Hunpos is an open source reimplementation of TnT, the well known part-of-speech tagger by Thorsten Brants.
- Free and open source, even for commercial use.
- For languages with more complex morphologies, HMM tagging could be quite competitive with the current generation of learning algorithms applying e.g. SVM and CRF methods. A major advantage is that the training/tagging cycle is orders of magnitude faster than in more complex models.
- Precision of tagging on unknown and unseen words was a major priority for us during the development of hunpos.

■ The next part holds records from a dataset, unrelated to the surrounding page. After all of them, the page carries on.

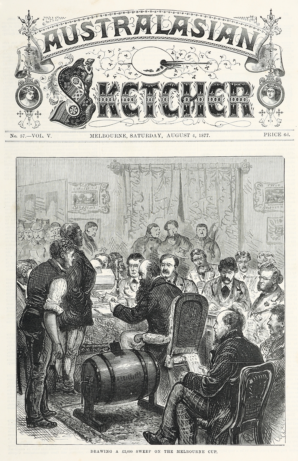 Scarce c.19th engraving showing the drawing of the 1877 Melbourne Cup sweep. From the original edition of the Australasian Sketcher. Collections: National Library Australia: Bib ID 914558 State Library New South Wales: REF1/MAV/FM4/9236-9239 State Library Victoria: PCINF AS 06-09-73 P.104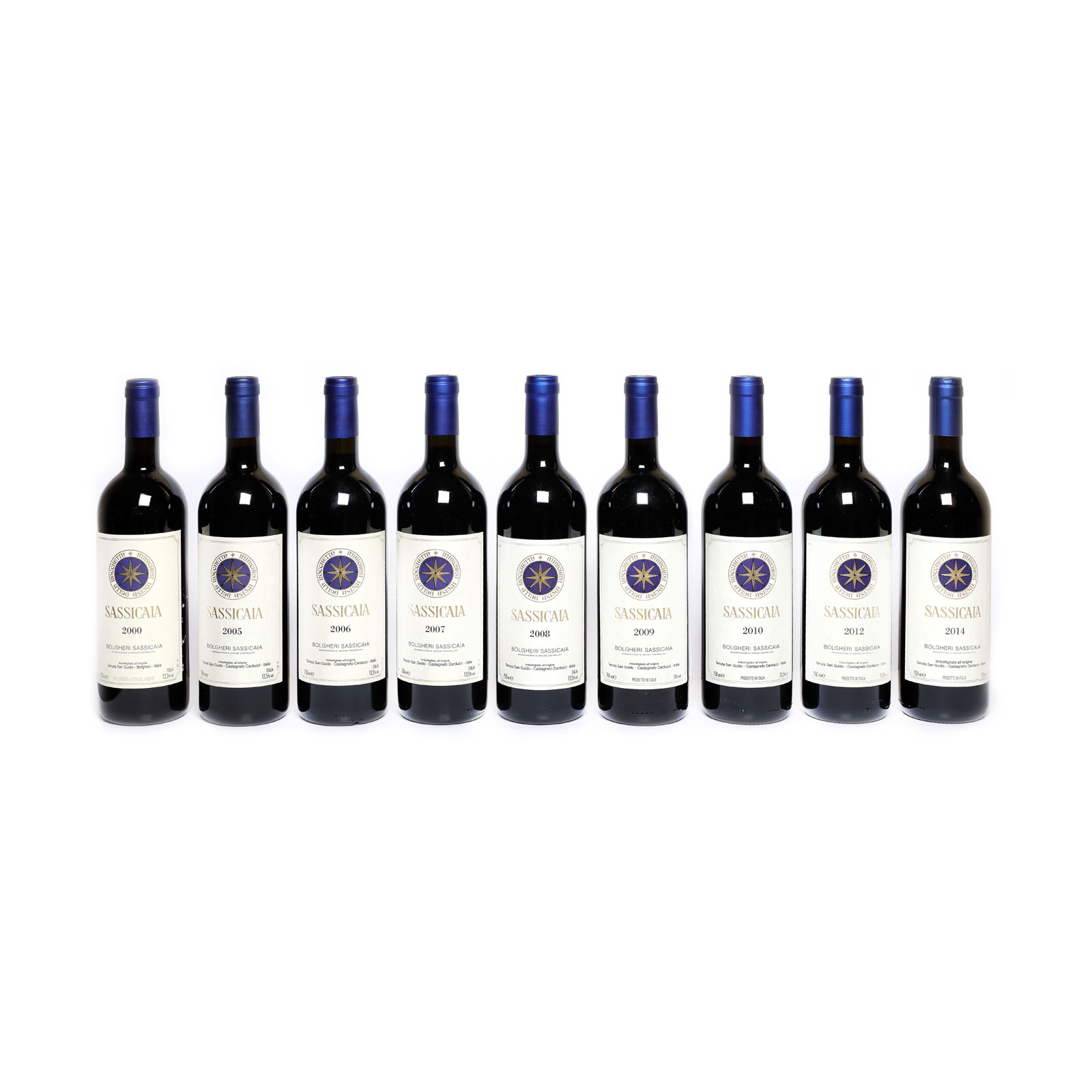 238. Verticală Sassicaia, 2000/2005/2006/2007/2008/2009/2010/2012/2014, 9 st x 75 cl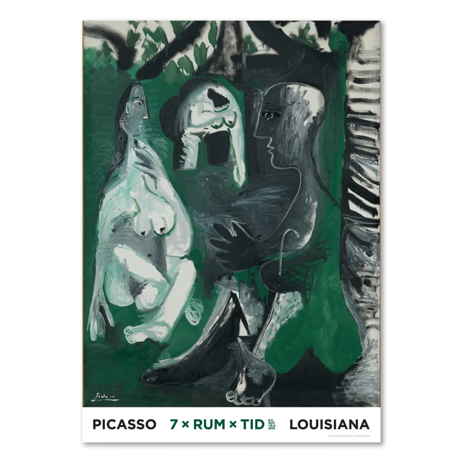 Louisiana plakat med værket, Le dejeuner sur L’herbe – Frokost i det grønne, (1961) af den spanske kunstner, Pablo Picasso, (1881-1973). Picasso portrætterer her sig selv som maleren og sin kone, Jaqueline, som modellen, mens et fabelvæsen af en pige spadserer rundt i dammen bagved, som en hilsen til Manet.
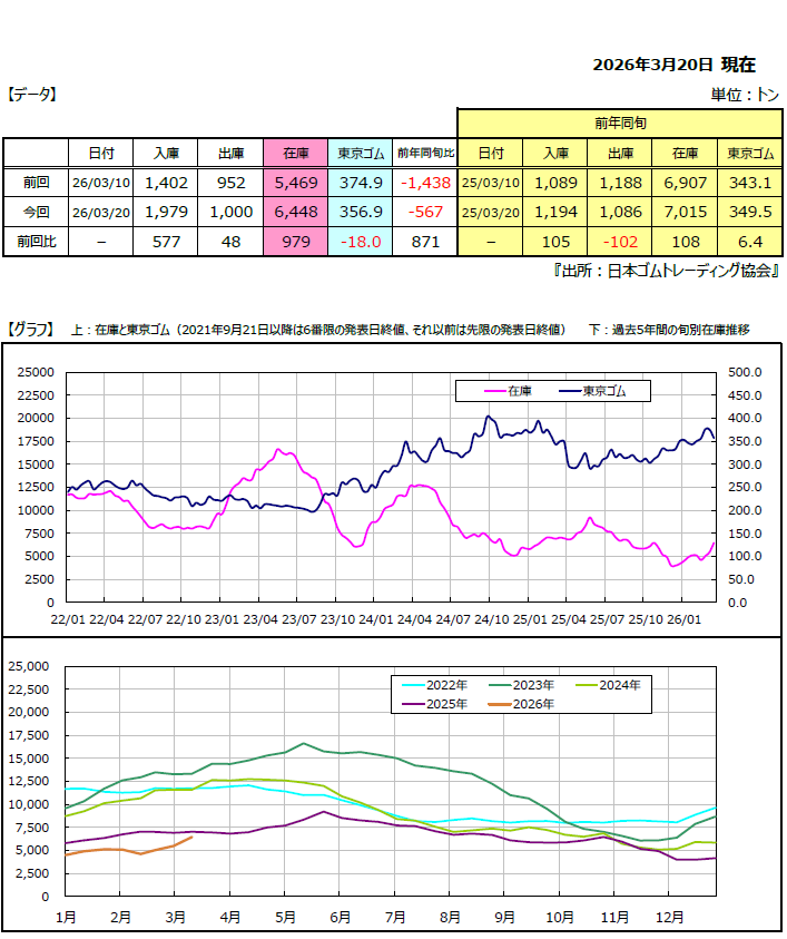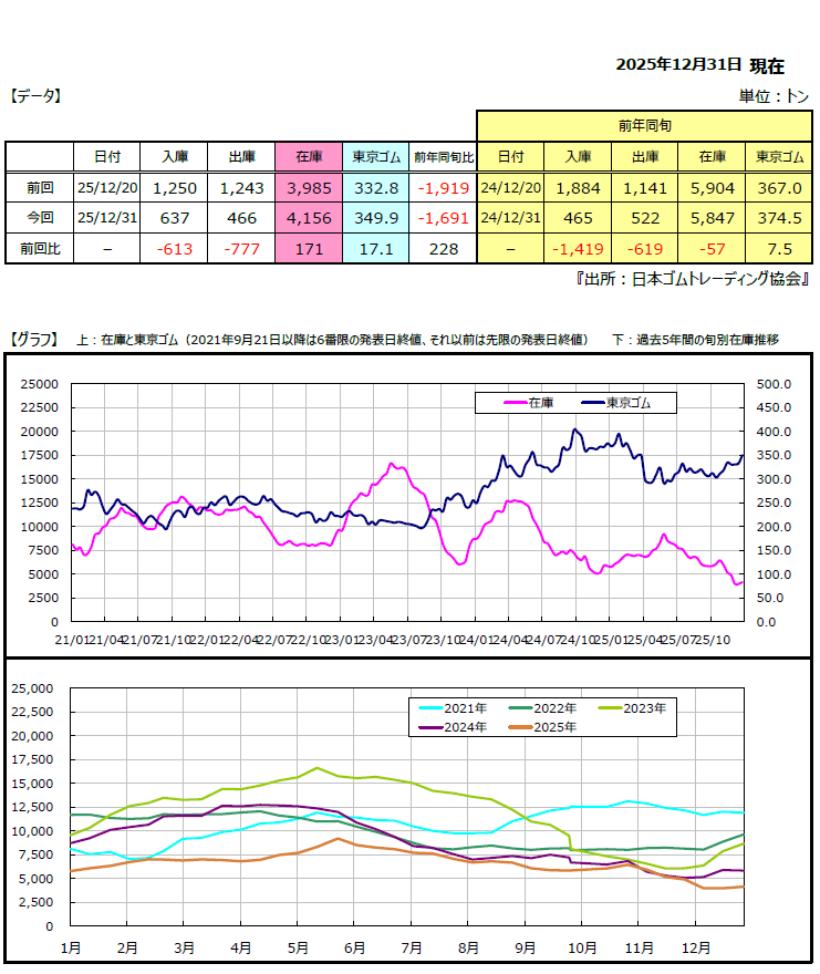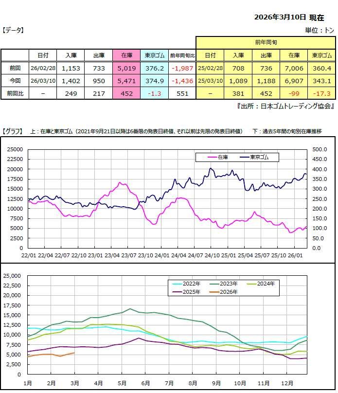岡地株式会社ではこの発表を整理してグラフ化したレポートを都度更新しており、在庫推移と価格を時系列で見ることができます。

- Works smoothly with large tag sets. For example in Hungarian, as in other highly inflecting languages, it is important to preserve detailed morphological information in the POS tags in order to provide useful clues for higher level processing tasks. This leads to a significantly larger tagset than is common in English (744 tags here as opposed to the 36 standardly used in Treebank work), but does not degrade training and tagging performance. Although it would make the training process of non-generative models computationally expensive.
- Effortless integration of knowledge from morphological analyzers/dictionaries into best path calculation.
- Contextualized lexical probabilities with a context window of any size. Unlike traditional HMM models, HunPos estimates emission (lexical) probabilities based on the current tag and previous tags as well.
- Hunpos has been implemented in OCaml, a high-level language which supports a succinct, well-maintainable coding style. OCaml has a high-performance compiler that produces native code with speed comparable to C/C++ implementations.